Reward models can be considered as somehow related to uncertainty quantification: they are typically trained (for instance from human feedback) to evaluate a completion in terms of a validity specification. However, this validity specification usually includes absence of toxic content or alignment with user intentions, rather than correctness of an answer, even if the latter could plausibly be used. Then, they are used as the reward function to finetune LLMs via RL. However, they can also be independently used to evaluate completions produced by a model; some works also show that they can be used to evaluate partial completions, thus stopping generation and then restarting it if a generation is likely to be unsuccessful wrt the final specification .

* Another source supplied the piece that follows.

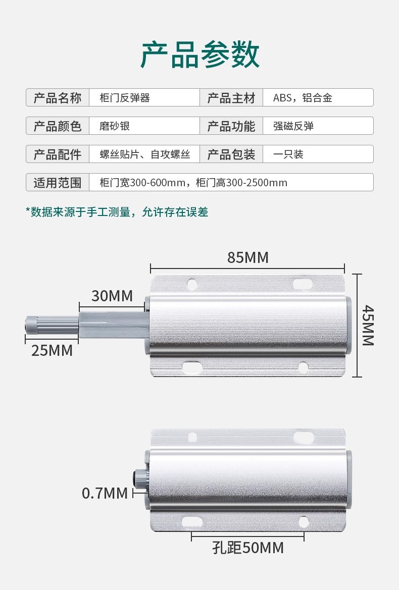 取っ手なしキャビネットドア押弾器磁気タッチキャビネットドア引き出しドアアルミ合金単二金属反発器銀色金色

However, in contrast to intrinsic uncertainty quantification and assessors, reward models are generally not specific to a single LLM. As such, they rely on generic features of the output that can be used to understand agreement with the considered validity specification. In contrast, assessors and uncertainty quantification approaches are trained considering a specific model or a set of models and explicitly or implicitly rely on their features.

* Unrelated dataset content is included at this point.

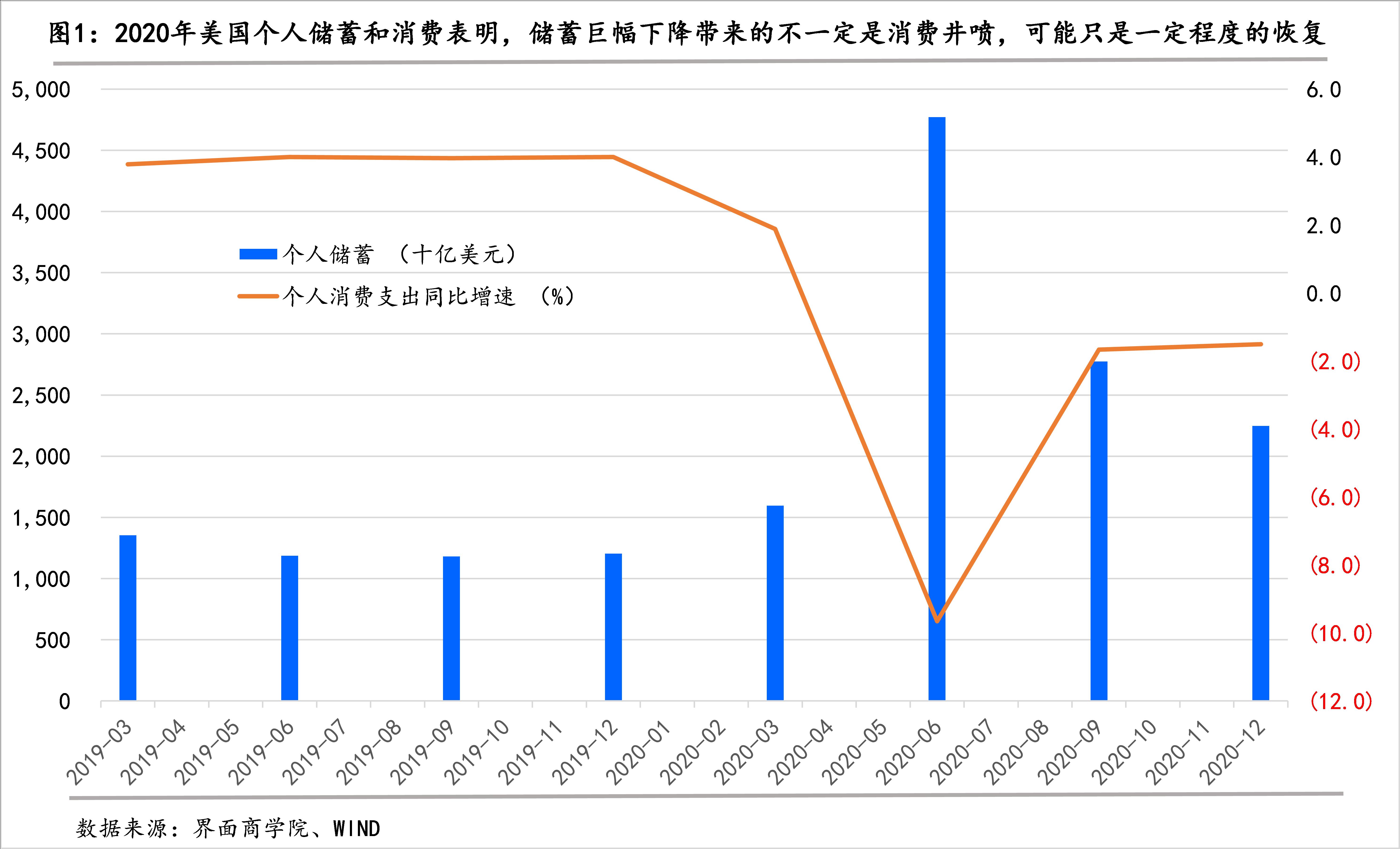 美国2020年二季度个人储蓄较一季度(1.5万亿美元)增加了3.1万亿美元,环比增长了两倍,此后又大幅减少,2020年四季度较二季度减少了2.5万亿美元。在三、四季度个人储蓄大规模快速减少时,虽然第三季度消费支出同比增速大幅回升,但第四季度陷入停滞,个人消费支出仍然同比负增长。

How humans interpret LLM uncertainty

Human perception and prediction of LLM performance represents another important research direction. Studies have revealed significant limitations in human ability to anticipate LLM behavior. A recent experiment has shown that humans perform only marginally better than random chance when predicting GPT-4’s performance. Moreover, humans tend to exhibit overconfidence in predicting LLM performance on high-stakes tasks, likely due to anchoring on past interactions with these systems . A particularly concerning finding is that LLM success on challenging tasks within a domain does not necessarily translate to reliable performance on simpler tasks in the same domain . This counterintuitive behavior challenges our natural assumptions about machine learning systems and highlights the importance of systematic evaluation approaches. Additionally, a recent work shows that, even for LLMs that are well-calibrated in terms of the probabilities they assign to the tokens indicating the options in multiple-choice scenarios, the explanations they provide to justify the chosen option lead humans to become overconfident in whether the LLM is correct (the authors term this the “calibration gap”). Moreover, the authors show that longer LLM explanations increase the confidence of users even if accuracy does not improve. However, they find that it is possible to adjust LLM explanations to better reflect the models internal confidence, which allows to reduce the calibration gap. Another work subject humans to a test with the assistance of an LLM with several uncertainty quantification methods (more or less calibrated) and find that users modulate their choices following the confidence outputs, indicating that improving calibration of those confidences is important.º

Robustness of LLMs to input perturbation

The sensitivity of LLMs to minor prompt modifications has been well-documented in the literature . Research has demonstrated that even subtle changes to input prompts can result in substantially different outputs, raising questions about the reliability and consistency of these systems. This sensitivity to input perturbations suggests a potential avenue for uncertainty estimation: by measuring a model’s response variability to small input modifications, we could potentially identify cases where the model exhibits high uncertainty and should be rejected. While this approach has been theoretically proposed in recent literature reviews, particularly in Hendrickx et al.’s 2024 review , its practical application to LLMs remains unexplored.